Write ${k_0 = 0}$ and ${k_{m_n + 1} = n}$. The idea is that for each ${\vec k\in \mathcal{I}_n}$, we will use the specification property to construct a point ${\pi(\vec k) \in X}$ whose orbit shadows the orbit of ${x}$ from time ${0}$ to time ${n}$, except for the times ${k_i}$, at which it deviates briefly; thus the points ${\pi(\vec k)}$ will be ${(n,\varepsilon)}$-separated on the one hand, and on the other hand will have ergodic averages close to that of ${x}$.

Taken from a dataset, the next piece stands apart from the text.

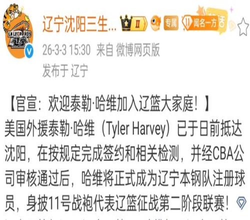 對于遼寧男籃來說,這個窗口期可以說是非常關鍵,畢竟目前他們只排名第12的位置,烏戈利用這段時間進行了戰(zhàn)術的演練,同時球隊方面也對外援進行了更換,遼寧男籃官方宣布,上賽季在上海男籃效力的哈維正式加盟。

First we estimate ${\#\mathcal{I}_n}$ from below; this requires a lower bound on ${{n\choose \ell}}$. Integrating ${\log t}$ over ${[1,k]}$ and ${[1,k+1]}$ gives

$\displaystyle k\log k - k + 1 \leq \log(k!) \leq k\log k - k + 1 + \log(k+1),$

and thus we have

\displaystyle \begin{aligned} \log{n\choose \ell} &= \log(n!) - \log(\ell!) - \log(n-\ell)! \\ &\geq n\log n + 1 - \ell\log\ell - (n-\ell)\log(n-\ell) - \log((\ell+1)(n-\ell+1)) \\ &\geq h\big( \tfrac\ell n\big) n - 2\log n, \end{aligned}

where ${h(\delta) = -\delta\log\delta - (1-\delta)\log(1-\delta)}$. This function is increasing on ${(0,\frac12)}$, so

\displaystyle \begin{aligned} \log\#\mathcal{I}_n &\geq \log{\lfloor \frac{n}{2(\tau+1)}\rfloor \choose m_n} \geq h(\tfrac {2(\tau+1) m_n} n) \frac{n}{2(\tau+1)} - 2\log \frac{n}{2(\tau+1)} \\ &\geq \frac{h(\alpha)}{2(\tau+1)} n - 2\log n. \end{aligned} \ \ \ \ \ (2)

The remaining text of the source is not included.